Restate the data exactly as given and keep the pictures out.

◇ ◇ ◇ ◇ ◇ ◇ ◇

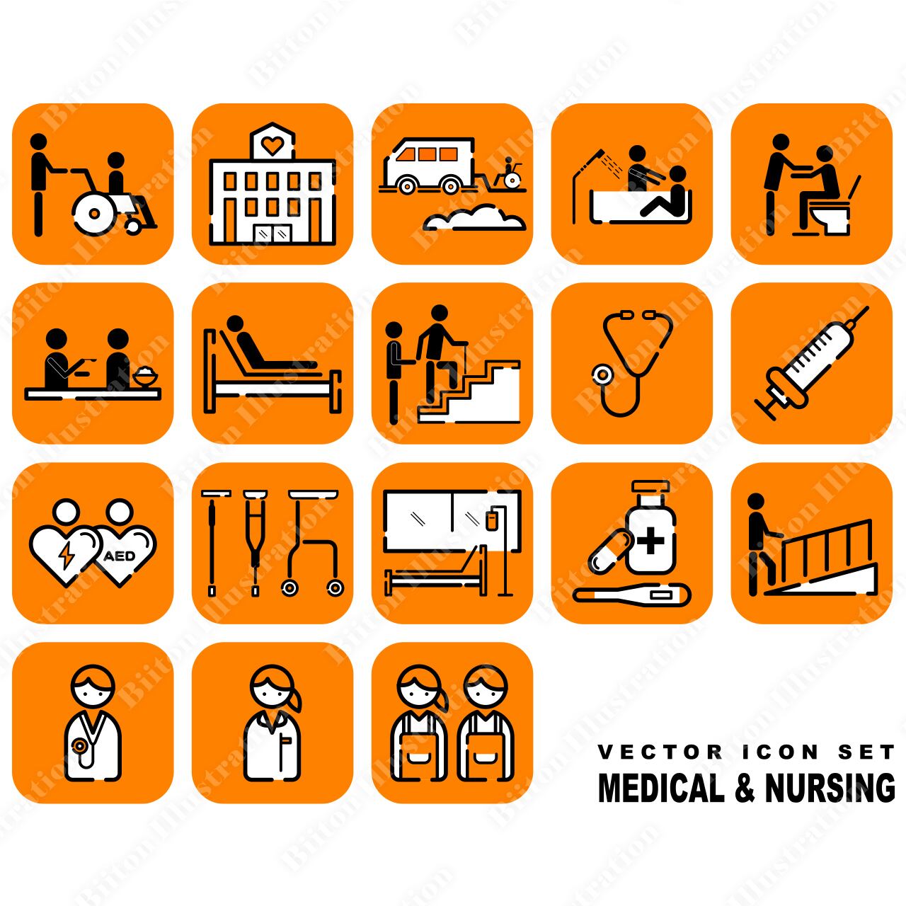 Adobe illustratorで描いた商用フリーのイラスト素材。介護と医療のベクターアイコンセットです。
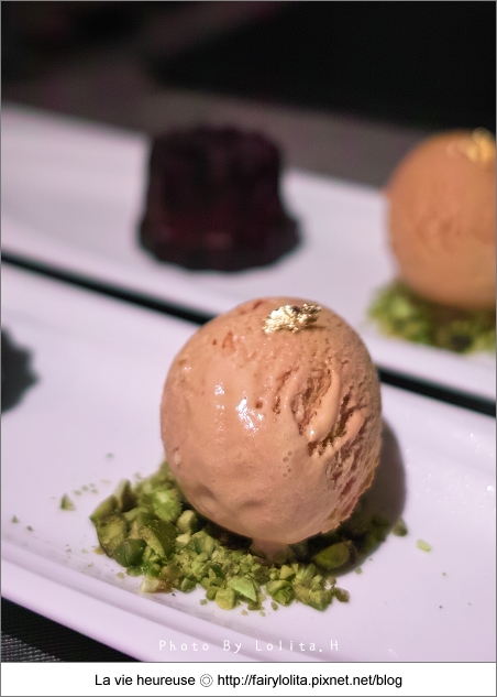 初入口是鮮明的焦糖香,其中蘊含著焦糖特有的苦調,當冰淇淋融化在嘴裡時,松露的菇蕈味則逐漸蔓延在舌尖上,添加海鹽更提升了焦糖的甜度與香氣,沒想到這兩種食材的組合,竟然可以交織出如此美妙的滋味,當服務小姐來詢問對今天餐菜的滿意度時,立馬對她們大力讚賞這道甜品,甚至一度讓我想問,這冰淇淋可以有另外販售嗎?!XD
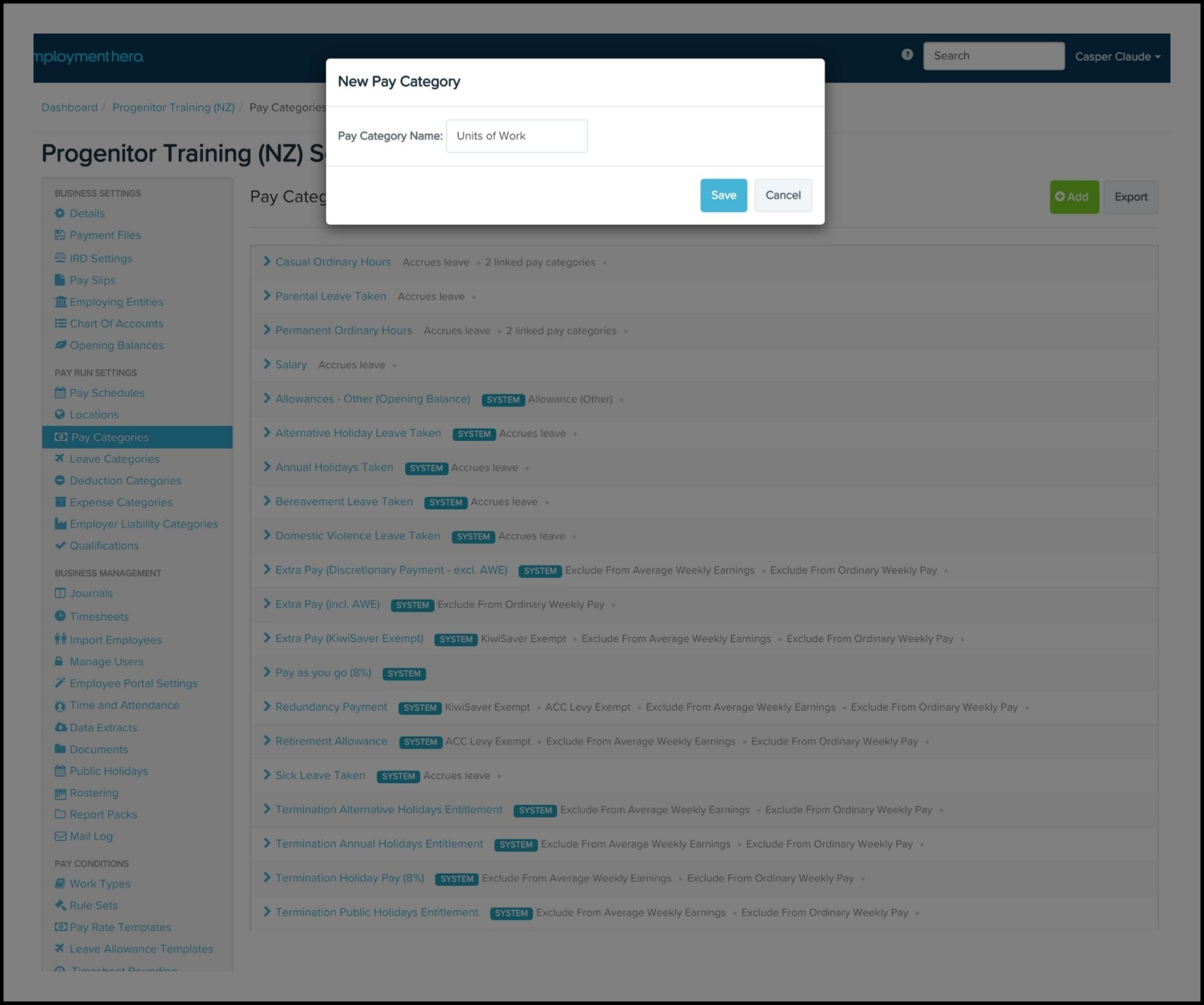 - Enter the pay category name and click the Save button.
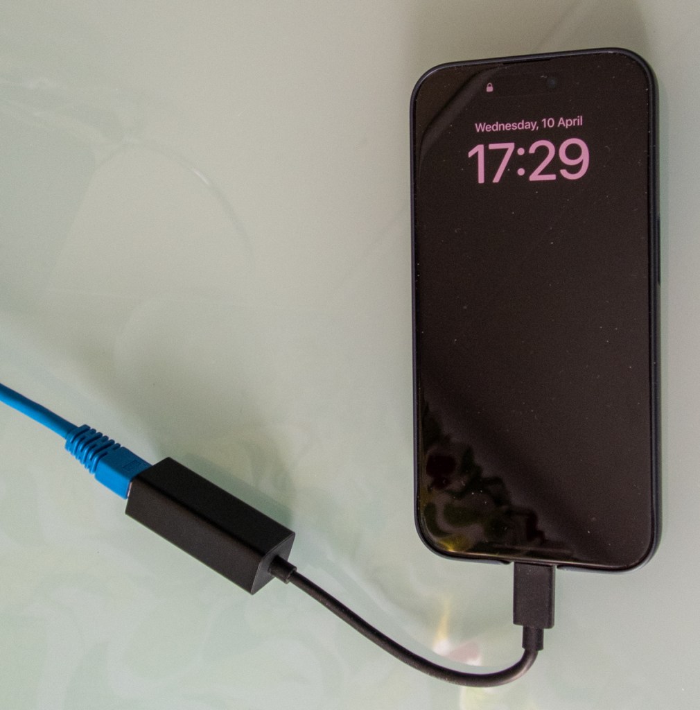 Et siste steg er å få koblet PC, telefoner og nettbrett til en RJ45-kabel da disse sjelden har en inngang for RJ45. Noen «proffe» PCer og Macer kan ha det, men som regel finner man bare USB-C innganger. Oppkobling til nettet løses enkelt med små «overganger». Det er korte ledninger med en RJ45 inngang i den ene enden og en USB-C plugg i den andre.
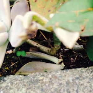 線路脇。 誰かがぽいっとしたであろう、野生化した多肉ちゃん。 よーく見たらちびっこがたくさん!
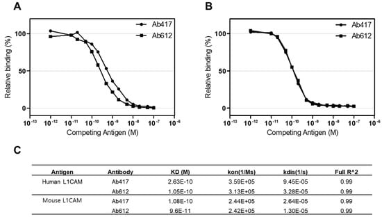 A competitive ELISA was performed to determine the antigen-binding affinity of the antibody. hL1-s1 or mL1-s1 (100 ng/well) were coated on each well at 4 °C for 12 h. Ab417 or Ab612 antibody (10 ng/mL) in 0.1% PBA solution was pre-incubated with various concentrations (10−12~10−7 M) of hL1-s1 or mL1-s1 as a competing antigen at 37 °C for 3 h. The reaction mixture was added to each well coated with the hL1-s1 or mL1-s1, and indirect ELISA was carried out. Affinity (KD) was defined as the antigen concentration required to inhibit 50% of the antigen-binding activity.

◇ ◇ ◇ ◇ ◇ ◇ ◇

**Answer for this exercise**
 Adobe illustratorで描いた商用フリーのイラスト素材。介護と医療のベクターアイコンセットです。
 初入口是鮮明的焦糖香,其中蘊含著焦糖特有的苦調,當冰淇淋融化在嘴裡時,松露的菇蕈味則逐漸蔓延在舌尖上,添加海鹽更提升了焦糖的甜度與香氣,沒想到這兩種食材的組合,竟然可以交織出如此美妙的滋味,當服務小姐來詢問對今天餐菜的滿意度時,立馬對她們大力讚賞這道甜品,甚至一度讓我想問,這冰淇淋可以有另外販售嗎?!XD
 - Enter the pay category name and click the Save button.
 Et siste steg er å få koblet PC, telefoner og nettbrett til en RJ45-kabel da disse sjelden har en inngang for RJ45. Noen «proffe» PCer og Macer kan ha det, men som regel finner man bare USB-C innganger. Oppkobling til nettet løses enkelt med små «overganger». Det er korte ledninger med en RJ45 inngang i den ene enden og en USB-C plugg i den andre.
 線路脇。 誰かがぽいっとしたであろう、野生化した多肉ちゃん。 よーく見たらちびっこがたくさん!
 A competitive ELISA was performed to determine the antigen-binding affinity of the antibody. hL1-s1 or mL1-s1 (100 ng/well) were coated on each well at 4 °C for 12 h. Ab417 or Ab612 antibody (10 ng/mL) in 0.1% PBA solution was pre-incubated with various concentrations (10−12~10−7 M) of hL1-s1 or mL1-s1 as a competing antigen at 37 °C for 3 h. The reaction mixture was added to each well coated with the hL1-s1 or mL1-s1, and indirect ELISA was carried out. Affinity (KD) was defined as the antigen concentration required to inhibit 50% of the antigen-binding activity.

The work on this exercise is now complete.